Alan Wilson (awilson AT wilshire DOT com) wrote:
: At 01:46 AM 6/3/97 GMT, you wrote:
: >Chris Mangum and Savanna Judd (sneeches AT cruzio DOT com) wrote:
: >
: >: Try using this:
: >
: >: 	srand(time(NULL));
: >
: >This will seed the rand() generator; to seed the random() generator,
: >replace `srand' with `srandom'.
: >
: >-- 
: >George Foot <mert0407 AT sable DOT ox DOT ac DOT uk>

: But will it give TRUE random Numbers????

Define a `true' random number. Apparently, random() is a `more' random
generator than rand(); presumably the reason the portable rand() function
uses a worse generator is that the algorithm is specified in the standard,
although I really don't know (does anyone?).

If you have Knuth's series of books, `The Art of Computer Programming',
volume 2 (`Seminumerical Algorithms') deals in great depth with the
generaion of random numbers and ways to test their randomness. At one
stage I meant to run these tests on the two, and on ways of restricting
the generated numbers to a smaller range, but I never got around to it.

Apparently (I'm not sure where I picked up this information), the
generator used in random() is guarranteed also to produce a good random
sequence for any combination of bits, i.e. you can mask out a single bit,
or two bits, or any number, and the sequence (restricted to those bits)
will be a good random sequence.

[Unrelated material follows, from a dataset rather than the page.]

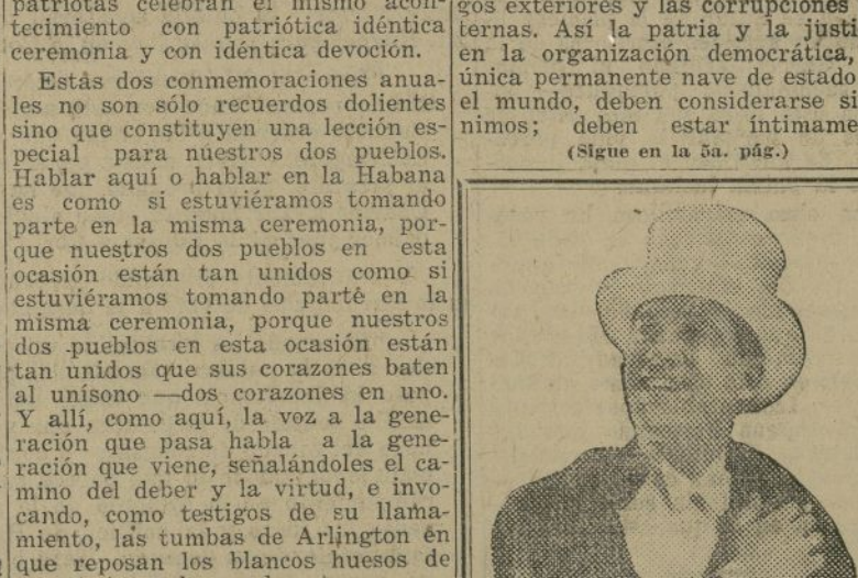
JOSE BOHR Estrella de la película sonora en español

Poder, fuerza, beneficios materiales, riquezas, son útiles auxiliares del bien, pero no constituyen el bien en sí. Cuando una nación los aprueba como su única meta y los considera como su sola aspiración, está condenada a derrumbarse. La justicia, que es la sabiduría humana en la apreciación del bien, es la base de toda civilización perdurable. Ella se da en alma y vida y se mantiene invencible contra los enemigos exteriores y las corrupciones internas. Así la patria y la justicia en la organización democrática, la única permanente nave de estado en el mundo, deben considerarse sinónimos; deben estar íntimamente (sigue en la p. 2a.)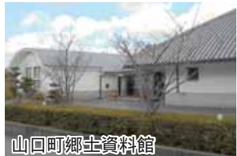
山口町郷土資料館

「山口町郷土資料館」は、美しい自然と風土を持つふるさと「山口町」の文化遺産を、後世にまできちんと伝え残すために建てられました。遠く中世以前から現在までの数多くの資料が、見やすく収集保存されています。

AFAIK this isn't true for rand().

I'm not sure if the above implies that random()%x is a good generator of
numbers in the range (0,x-1) for x not equal to a power of 2; I haven't
thought much about it. The tests I mentioned would answer this.

Knuth's books are quite expensive, so if you want to persue this further I
suggest you try to borrow a copy, or go to a library. I was lucky enough
to be given the first two volumes. Sometime I may get around to
implementing these tests (there are about 10 IIRC, and each isn't very
complicated), but I have exams coming up so it may not be soon.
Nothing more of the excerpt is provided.